### Stored items
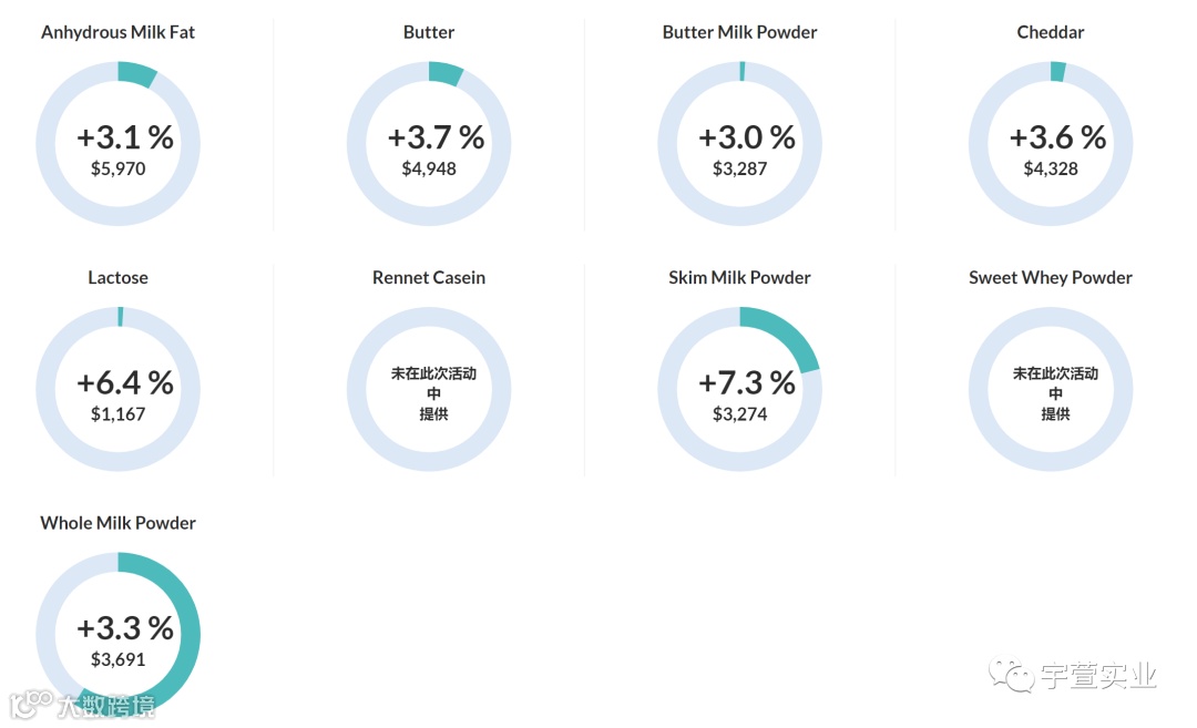 9月7日GDT第291次拍卖各产品不同幅度反弹,本次拍卖价格指数上涨4.0%,平均中标价3,927美元/公吨。其中全脂乳粉上涨3.3%,脱脂乳粉上涨7.3%,黄油上涨3.7%,无水油上涨3.1%,具体结果如下:
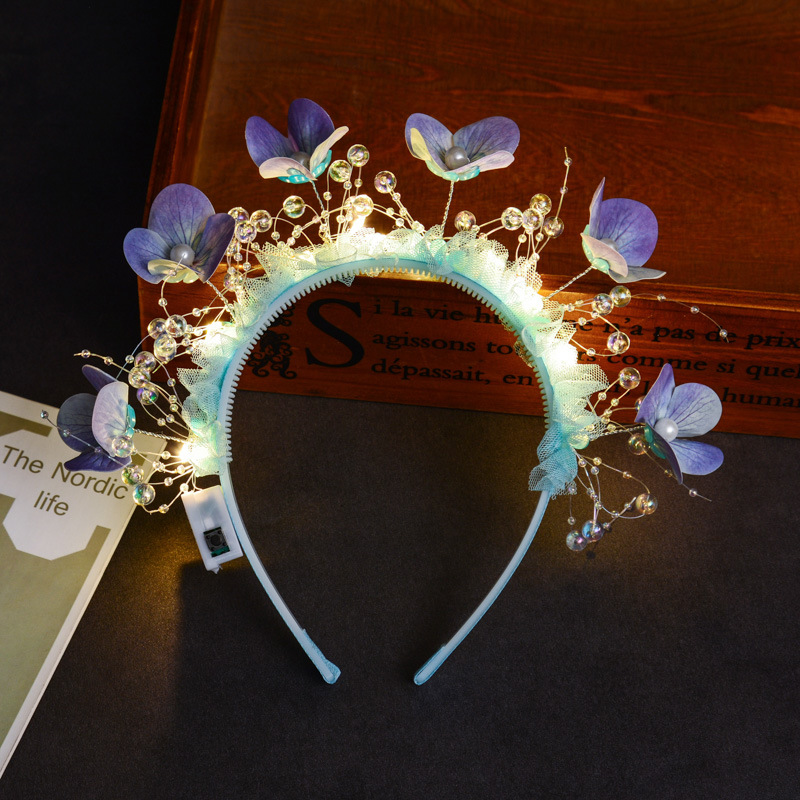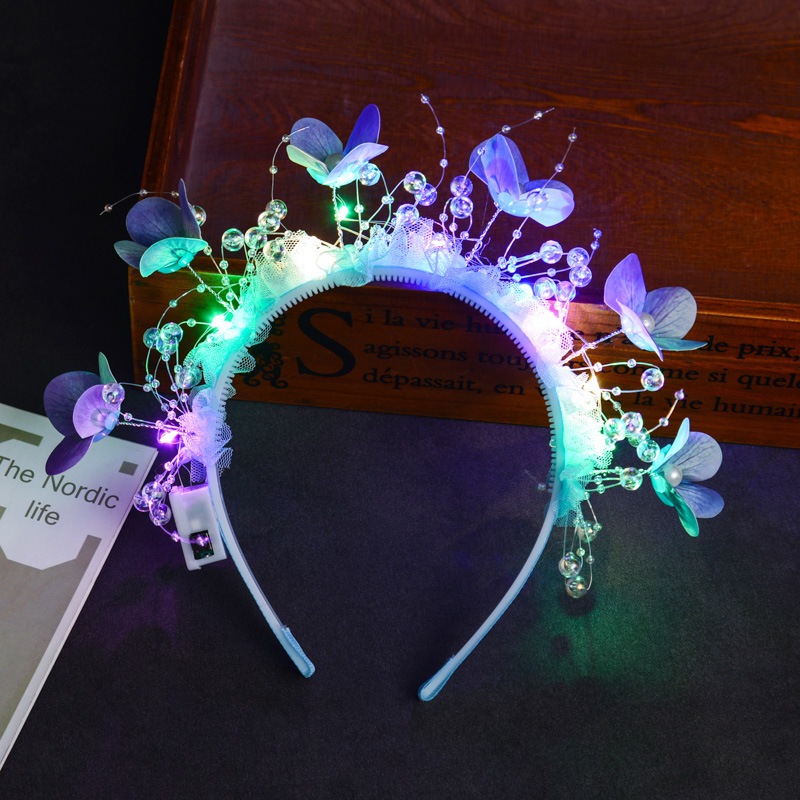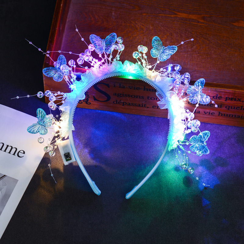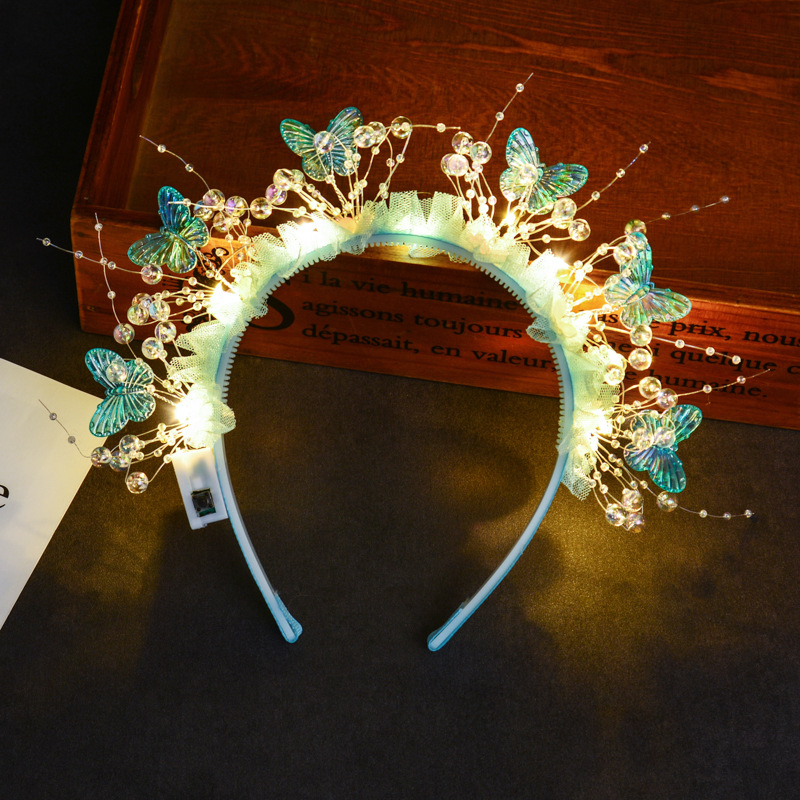 wearing flower butterfly headband [blue colored lights]]
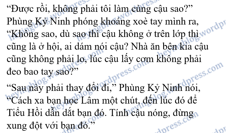 “Kiến nghị của đàn chị Mạnh Hồi cực kỳ hữu dụng,” Lâm Nguyệt Doanh nói, cô nghĩ nghĩ, lại nói một cách từ tốn: “Nếu không có hai câu bây giờ của cậu, nói không chừng giờ tôi định tha thứ cho cậu rồi.”
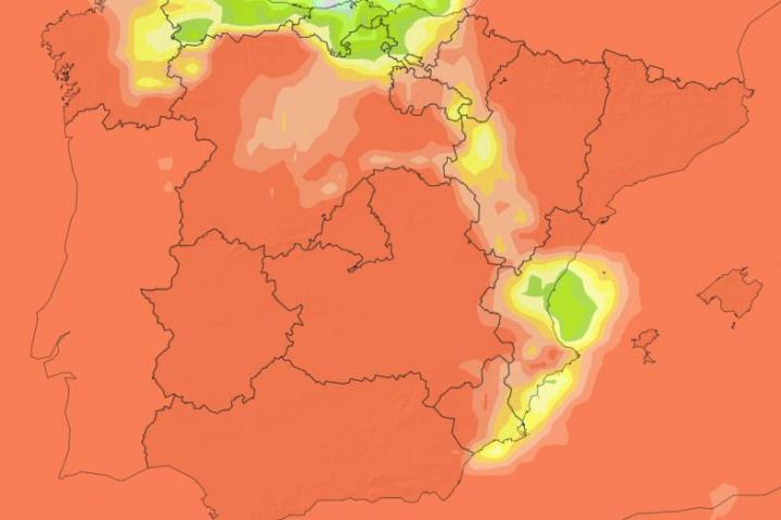 Las temperaturas máximas, por su parte, ascenderán en Galicia y en la mitad norte del área mediterránea peninsular, con descensos en el resto de la mitad oriental peninsular, Baleares y Melilla, sin cambios en Canarias.
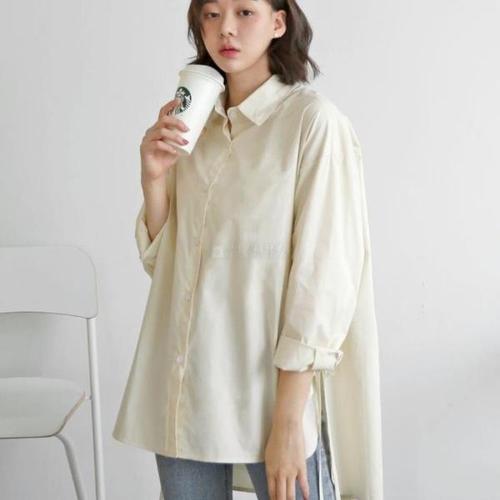여성 클래식 오버핏 옆트임 면100 셔츠 남방
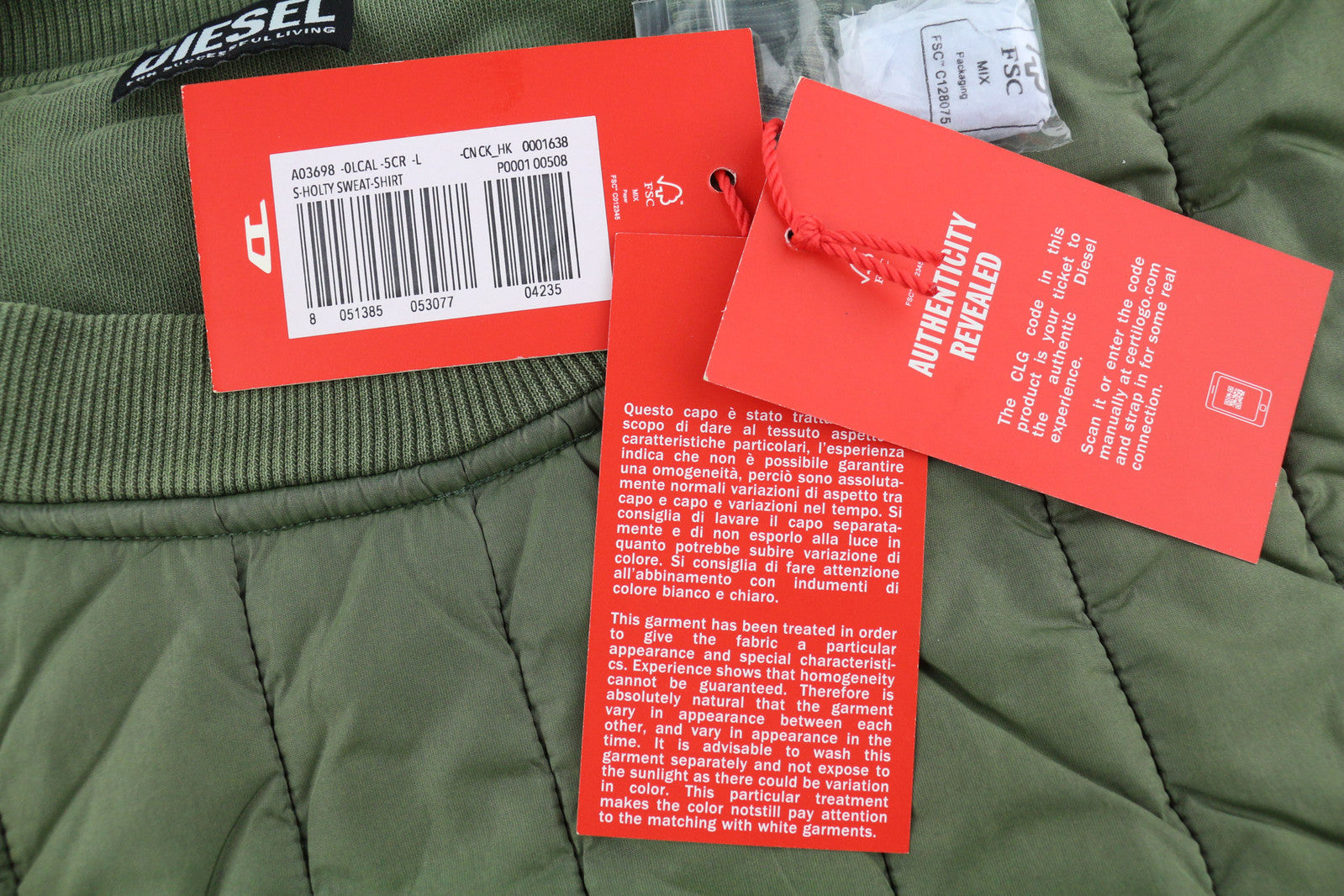 DIESEL S-Holty Men Sweatshirt L Green Pullover Padded Quilted Crew Neck RRP€225

### ASSIGNED TASK
Include the first line of the records, the line containing "Las temperaturas máximas, por", and every line between them, repeated exactly. Skip the pictures.

### EXERCISE RESULT
 9月7日GDT第291次拍卖各产品不同幅度反弹,本次拍卖价格指数上涨4.0%,平均中标价3,927美元/公吨。其中全脂乳粉上涨3.3%,脱脂乳粉上涨7.3%,黄油上涨3.7%,无水油上涨3.1%,具体结果如下:
 wearing flower butterfly headband [blue colored lights]]
 “Kiến nghị của đàn chị Mạnh Hồi cực kỳ hữu dụng,” Lâm Nguyệt Doanh nói, cô nghĩ nghĩ, lại nói một cách từ tốn: “Nếu không có hai câu bây giờ của cậu, nói không chừng giờ tôi định tha thứ cho cậu rồi.”
 Las temperaturas máximas, por su parte, ascenderán en Galicia y en la mitad norte del área mediterránea peninsular, con descensos en el resto de la mitad oriental peninsular, Baleares y Melilla, sin cambios en Canarias.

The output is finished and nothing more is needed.